Exercise directions.
Print the whole listing exactly as it appears, but skip the pictures.

Provided data.

--

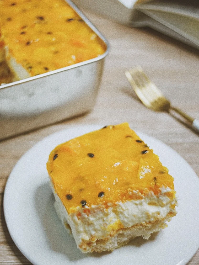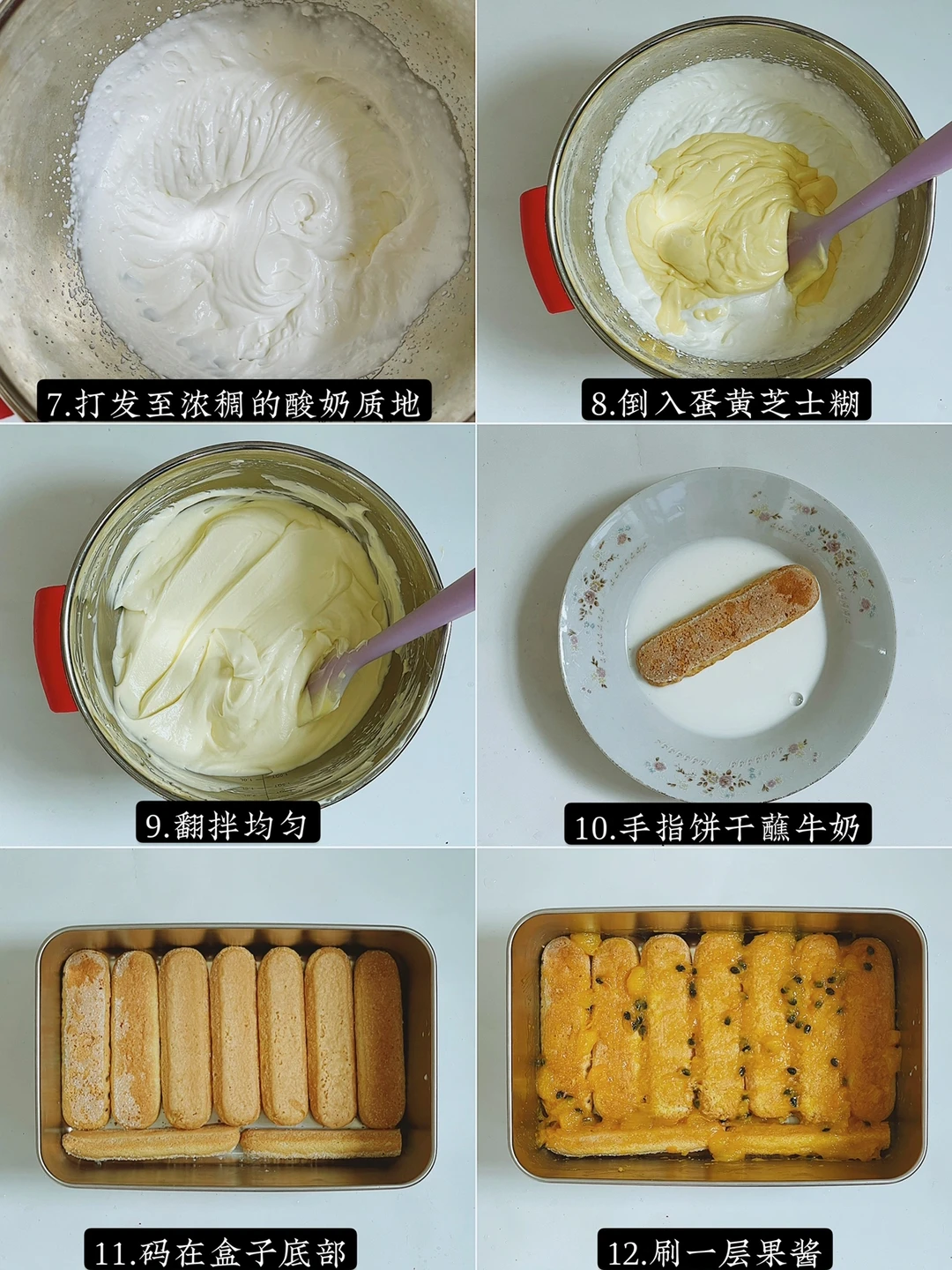 5️⃣手指饼干双面蘸牛奶,铺在容器底部,刷一层芒果百香果酱,倒入一层提拉米苏糊,再铺一层手指饼干,刷果酱,倒入另一半提拉米苏糊。
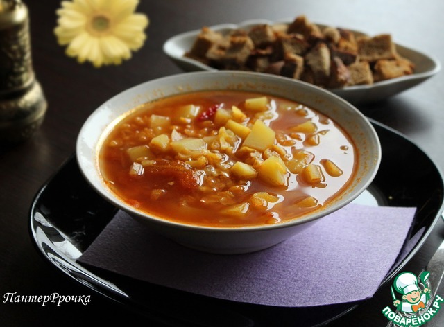 Насыщенный, согревающий, питательный и безумно вкусный суп! Томатная паста и специи придают ему красивый цвет и незабываемый аромат... Просто пальчики оближешь!
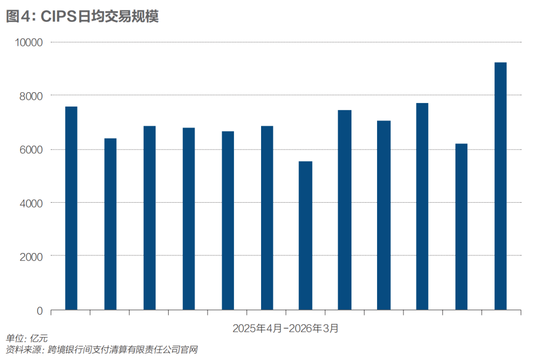 跨境银行间支付清算公司数据显示,2026年3月,人民币跨境支付系统(CIPS)日均交易规模达9205亿元,交易笔数3.574万笔,较2月的6197亿元、2.593万笔大幅攀升,创近12个月峰值。

--

Exercise result.
 5️⃣手指饼干双面蘸牛奶,铺在容器底部,刷一层芒果百香果酱,倒入一层提拉米苏糊,再铺一层手指饼干,刷果酱,倒入另一半提拉米苏糊。
 Насыщенный, согревающий, питательный и безумно вкусный суп! Томатная паста и специи придают ему красивый цвет и незабываемый аромат... Просто пальчики оближешь!
 跨境银行间支付清算公司数据显示,2026年3月,人民币跨境支付系统(CIPS)日均交易规模达9205亿元,交易笔数3.574万笔,较2月的6197亿元、2.593万笔大幅攀升,创近12个月峰值。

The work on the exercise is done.